*DATASET EXCERPT*:
::::::

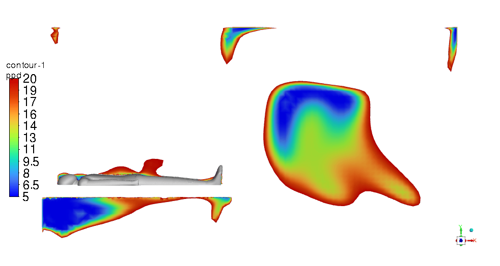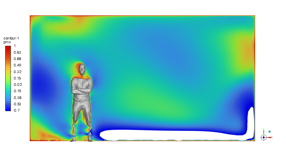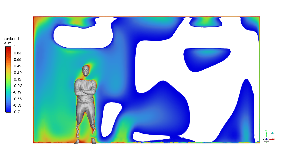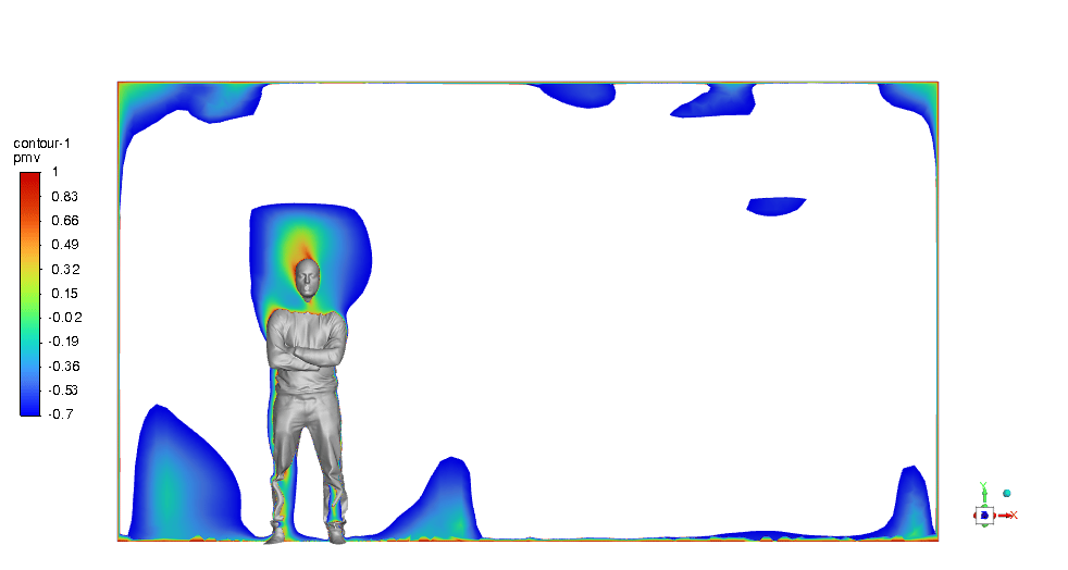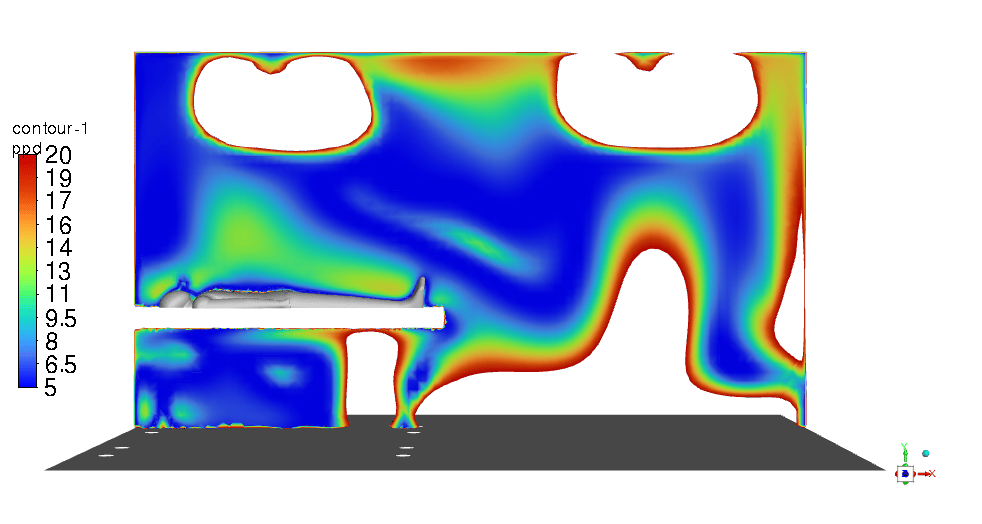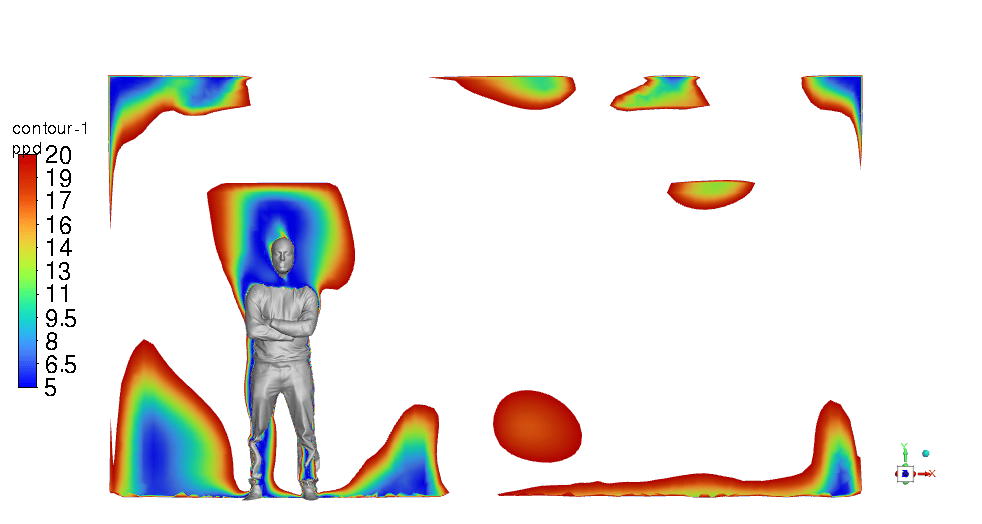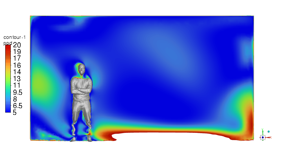 The PMV & PPD contours show that this design can be very promising and we can be assured of thermal comfort in the ICU room. Most of the critical regions in the room are in an acceptable range. You can check them below in Figures 11 & 12.
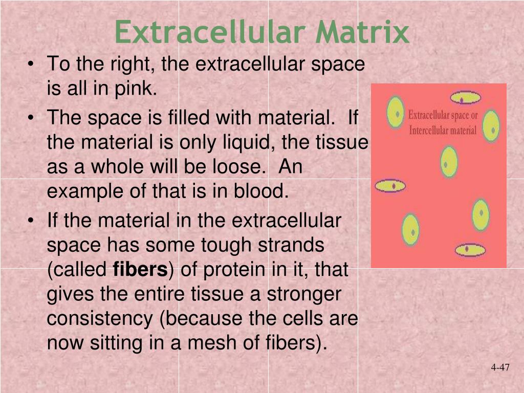 Extracellular Matrix • To the right, the extracellular space is all in pink. • The space is filled with material. If the material is only liquid, the tissue as a whole will be loose. An example of that is in blood. • If the material in the extracellular space has some tough strands (called fibers) of protein in it, that gives the entire tissue a stronger consistency (because the cells are now sitting in a mesh of fibers).
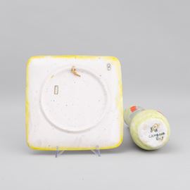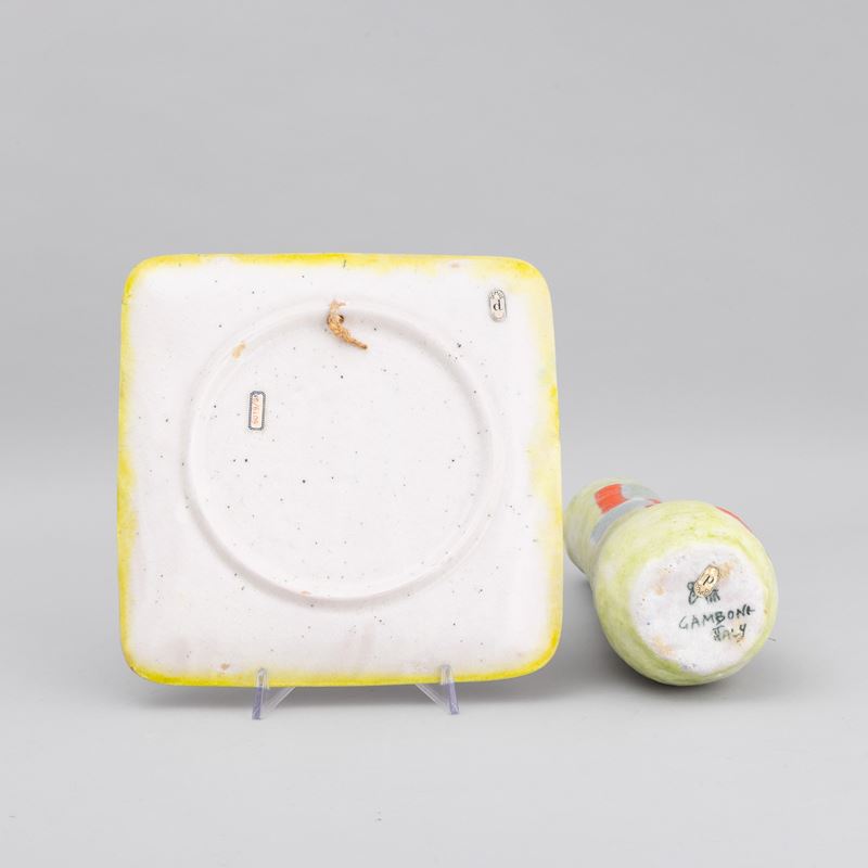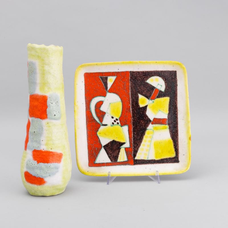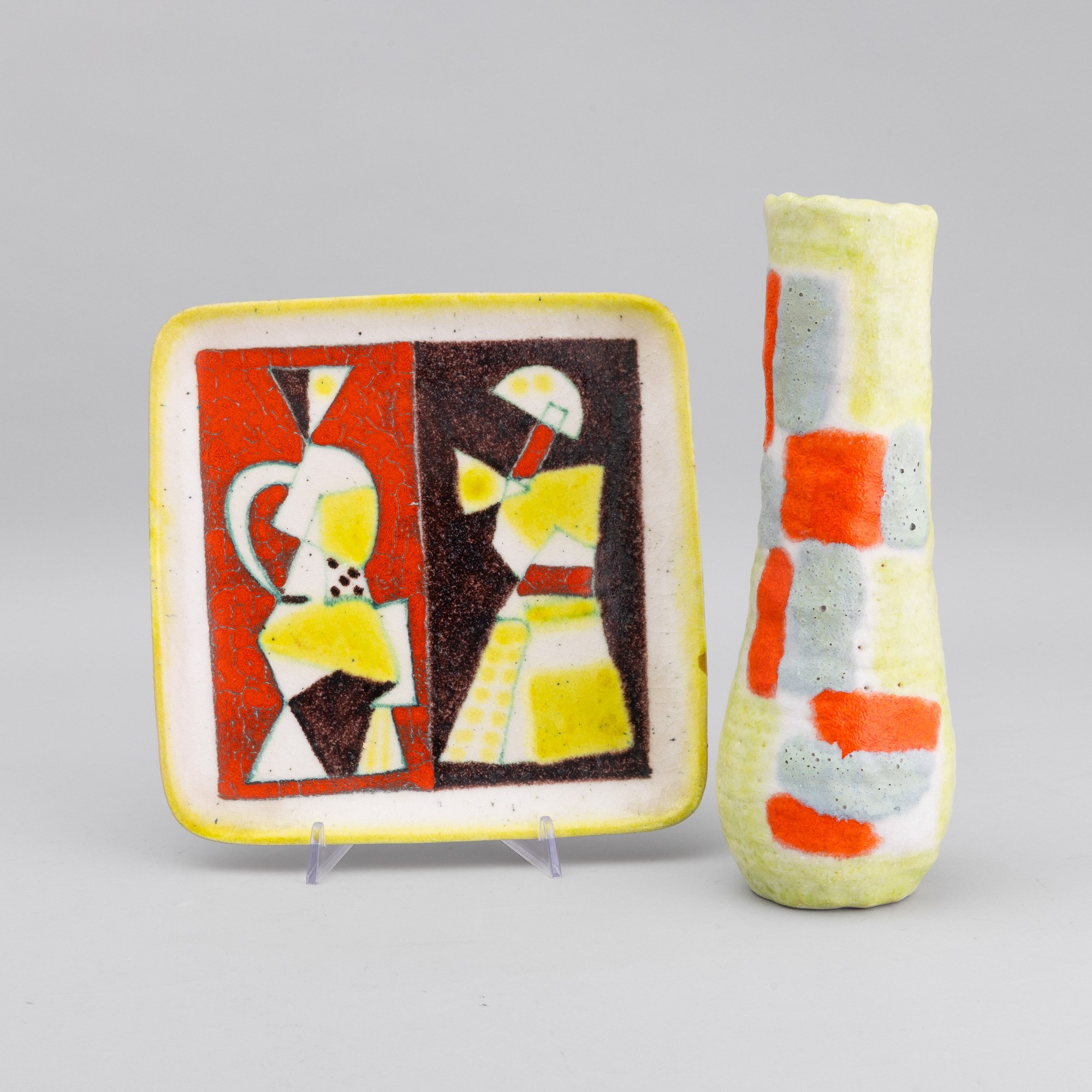 A vase and a tray in glazed ceramic with a polychrome enamel geometric decor. Author's signature

::::::

*BRIEF*:
What you return should be the full listing, unchanged, minus the pictures.

*ANSWER*:
 The PMV & PPD contours show that this design can be very promising and we can be assured of thermal comfort in the ICU room. Most of the critical regions in the room are in an acceptable range. You can check them below in Figures 11 & 12.
 Extracellular Matrix • To the right, the extracellular space is all in pink. • The space is filled with material. If the material is only liquid, the tissue as a whole will be loose. An example of that is in blood. • If the material in the extracellular space has some tough strands (called fibers) of protein in it, that gives the entire tissue a stronger consistency (because the cells are now sitting in a mesh of fibers).
 A vase and a tray in glazed ceramic with a polychrome enamel geometric decor. Author's signature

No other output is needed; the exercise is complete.